Anno 2009: prove generali di pandemia

di Stefano Pezzola

Michael Yeadon, Ph.D., ex vicepresidente e consulente scientifico capo per la società farmaceutica Pfizer e fondatore e CEO della società biotech Ziarco, ora di proprietà di Novartis, è diventato una delle più importanti voci contro i farmaci mRNA contro il Covid-19.
In una recente ed avvicente intervista con il presentatore radiofonico britannico Maajid Nawaz, ha deciso di condividere le oggettive motivazioni per cui crede che la narrazione intorno al COVID-19 sia false e messa in atto deliberatamente per esercitare un controllo sulle persone.

Il dr. Yeadon è laureato in biochimica e tossicologia e ha studiato farmacologia respiratoria e quindi ritengo abbia tutti i titoli per essere ascoltato.
Nell’intervista spiega dettagliatamente perché le dosi ripetute dei farmaci mRNA non sono efficaci, e perché l’uso della proteina spike nel vaccino sia da ritenere dannosa e pericolosa.
Nel 2009 sono stati stipulati accordi segreti tra Germania, Gran Bretagna, Italia e Francia con l’industria farmaceutica prima dell’inizio della pandemia H1N1, accordi secondo i quali le nazioni avrebbero acquistato vaccinazioni antinfluenzali H1N1 “ma solo se un livello pandemico 6 fosse stato dichiarato dall’Organizzazione Mondiale della Sanità”.
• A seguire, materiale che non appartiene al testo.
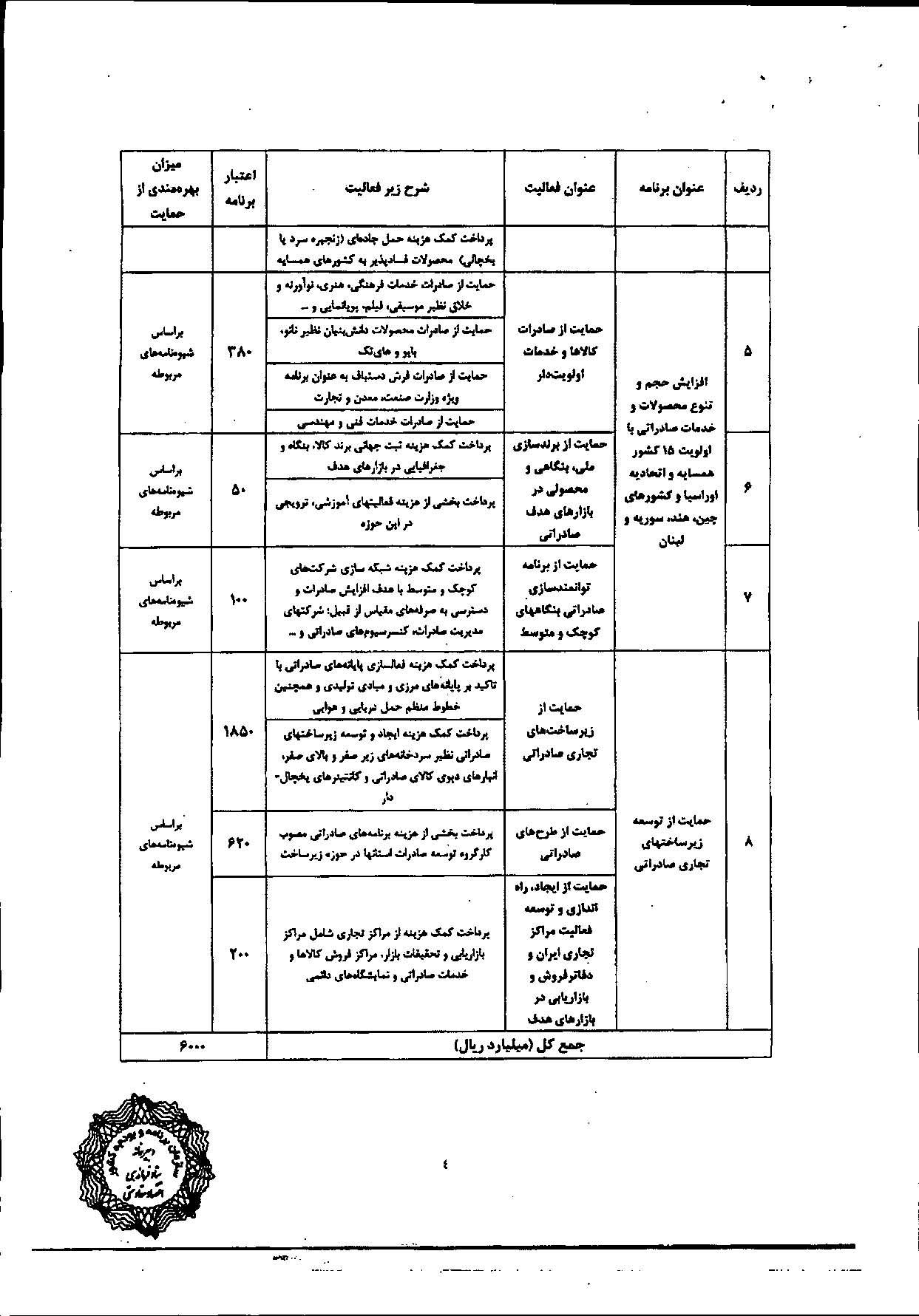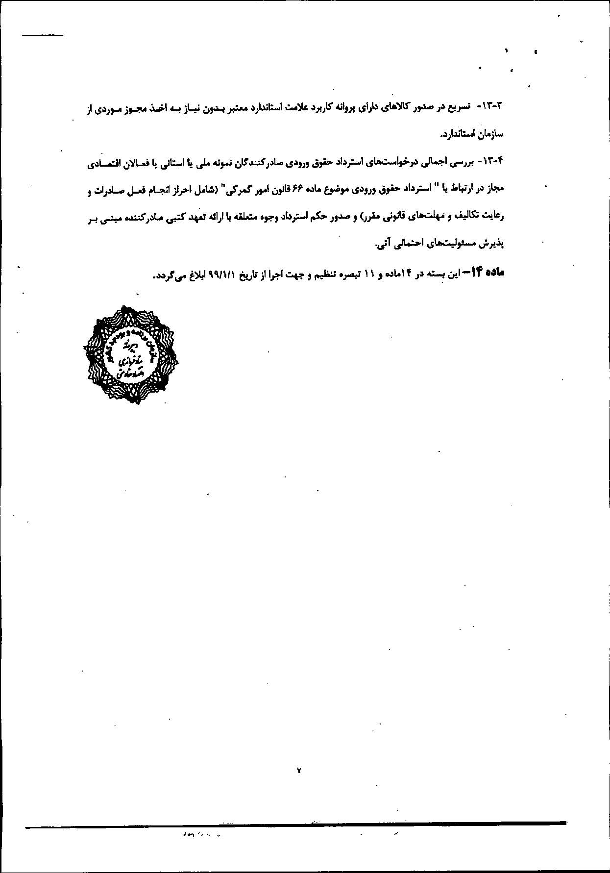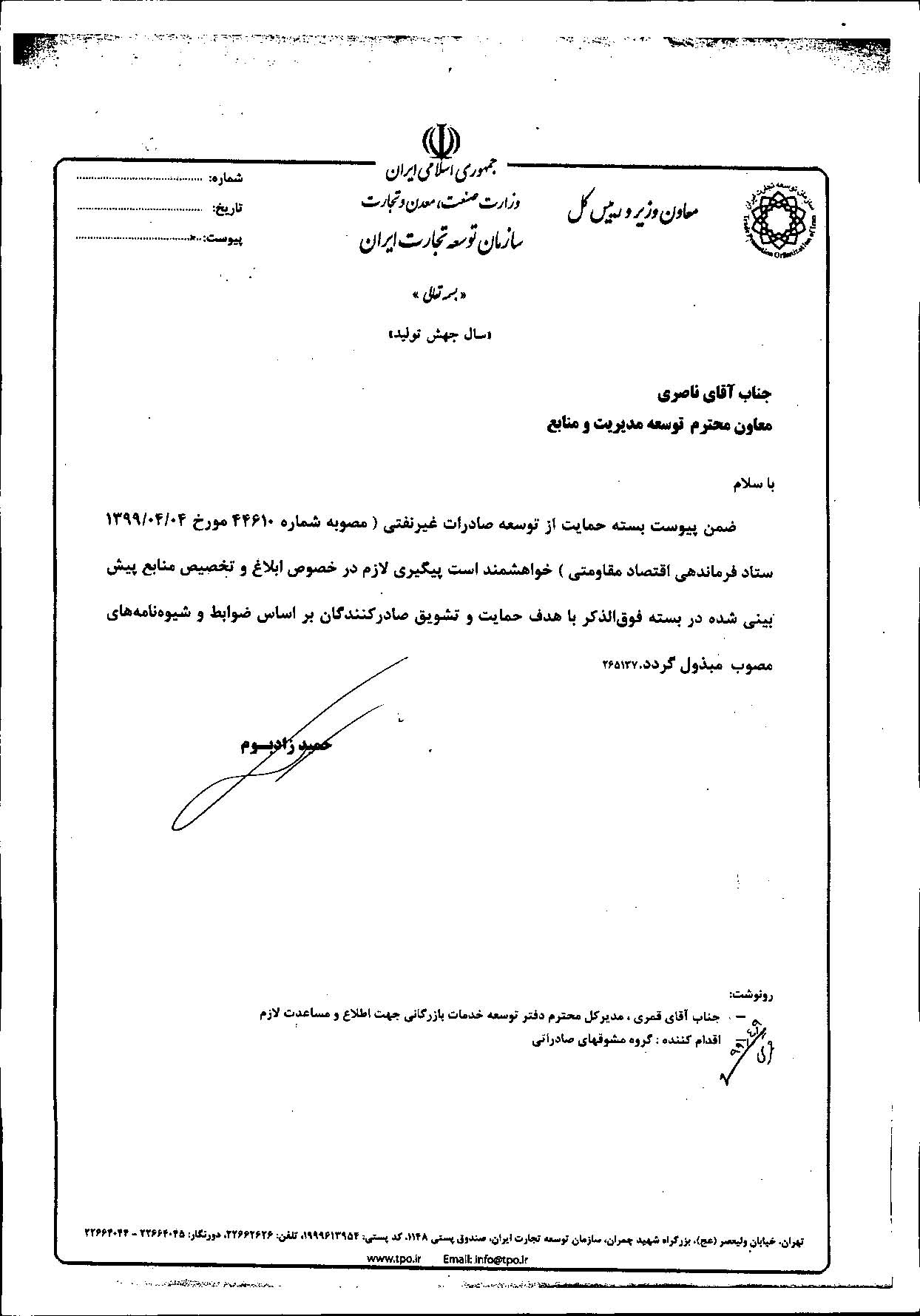 پرداخت مشوق‌های صادراتی مندرج در بند ۵ بسته حمایت از صادرات غیر نفتی سال ۱۳۹۹ که توسط معاون اول محترم رئیس جمهور و رئیس ستاد فرماندهی اقتصاد مقاومتی ابلاغ گردیده است

Sei settimane prima che la pandemia fosse dichiarata, nessuno all’OMS era preoccupato per il virus, ma i media stavano comunque esasperando i toni.
Poi, nel mese che ha preceduto la pandemia di H1N1, l’OMS ha cambiato la definizione ufficiale di pandemia, rimuovendo i criteri di gravità e di elevata mortalità e lasciando la definizione di pandemia come “un’epidemia mondiale di una malattia”.
Questo cambiamento di definizione ha permesso all’OMS di dichiarare l’influenza suina una pandemia dopo che solo 144 persone erano morte a causa dell’infezione in tutto il mondo. Nel 2010, il dottor Wolfgang Wodarg, allora capo della sanità presso il Consiglio d’Europa, ha accusato le aziende farmaceutiche di influenzare la dichiarazione pandemica dell’OMS, definendo l’influenza suina una “falsa pandemia” guidata da Big Pharma, che è comunque passata all’incasso distillando dosi di paura e farmaci.
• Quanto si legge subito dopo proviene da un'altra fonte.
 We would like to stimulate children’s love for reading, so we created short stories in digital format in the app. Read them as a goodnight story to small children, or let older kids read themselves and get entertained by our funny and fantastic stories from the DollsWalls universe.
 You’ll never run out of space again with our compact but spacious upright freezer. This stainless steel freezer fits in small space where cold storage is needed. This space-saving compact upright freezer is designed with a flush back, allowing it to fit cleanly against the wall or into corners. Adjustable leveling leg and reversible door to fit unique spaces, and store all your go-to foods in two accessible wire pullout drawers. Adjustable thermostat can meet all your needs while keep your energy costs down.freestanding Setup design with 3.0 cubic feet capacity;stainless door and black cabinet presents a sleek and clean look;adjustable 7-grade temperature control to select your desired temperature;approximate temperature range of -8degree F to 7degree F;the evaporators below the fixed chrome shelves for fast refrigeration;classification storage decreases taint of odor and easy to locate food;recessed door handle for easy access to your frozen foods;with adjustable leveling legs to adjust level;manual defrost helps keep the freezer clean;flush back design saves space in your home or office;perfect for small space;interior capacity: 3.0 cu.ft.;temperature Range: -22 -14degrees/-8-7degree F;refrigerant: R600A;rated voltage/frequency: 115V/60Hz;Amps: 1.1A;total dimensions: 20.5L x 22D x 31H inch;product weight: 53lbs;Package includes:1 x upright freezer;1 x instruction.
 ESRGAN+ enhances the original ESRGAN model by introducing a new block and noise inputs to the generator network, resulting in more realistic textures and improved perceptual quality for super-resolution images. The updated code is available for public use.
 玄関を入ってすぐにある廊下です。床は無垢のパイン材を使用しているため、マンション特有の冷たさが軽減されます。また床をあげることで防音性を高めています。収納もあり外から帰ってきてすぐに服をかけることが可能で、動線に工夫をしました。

Secondo il dr. Yeadon la pandemia di influenza suina è stata “uno dei più grandi scandali di medicina del secolo” e condivide molte somiglianze con la pandemia di COVID-19.
Come allora hanno abusato dei test PCR (tamponi), hanno sovradiagnosticato i casi, hanno distorto i dati in tutto il mondo, acquistando miliardi di dollari di vaccini e antivirali inutili e dannosi” ricorda.
Hanno insomma etichettato le persone sane come malate.
I test PCR utilizzati per il COVID-19 utilizzano un potente processo di amplificazione che li rende così sensibili da poter persino rilevare i resti di un virus morto, molto tempo dopo l’infezione.
E poi “se muori per qualcosa di completamente estraneo ma sei risultato positivo a un test PCR e muori entro quei maledetti 28 giorni successivi al test, la causa del tuo decesso è il Covid“, ha puntualizzato.

Il corpo umano seconda il dr. Yeadon ha le sue migliori risposte immunitarie dopo l’infezione naturale da COVID-19, non certo dopo l’esposizione alla proteina spike a seguito vaccinazione.
“È davvero importante che tu mi ascolti qui – conclude il dr. Yeadon – che se ci sarà un altro virus, devi sapere questa volta che qualunque cosa progettino, il vaccino è la risposta sbagliata. È la risposta sbagliata per un sacco di motivi. Uno è che genererai una risposta immunitaria nel sangue che non può influenzare l’infezione, non importa di cosa si tratti, ma non influenzerà l’infezione”.
“In secondo luogo, se progetti un upgrade del farmaco/vaccino usando ancora la proteina spike allora hai la stessa probabilità di causare tossicità. Iniettare farmaco mRNA con proteina spike è come lanciare un go kart che ha un acceleratore, ma nessun volante e nessun freno: non c’è nulla nella progettazione di questi farmaci/vaccini che possa limitare dove vanno”.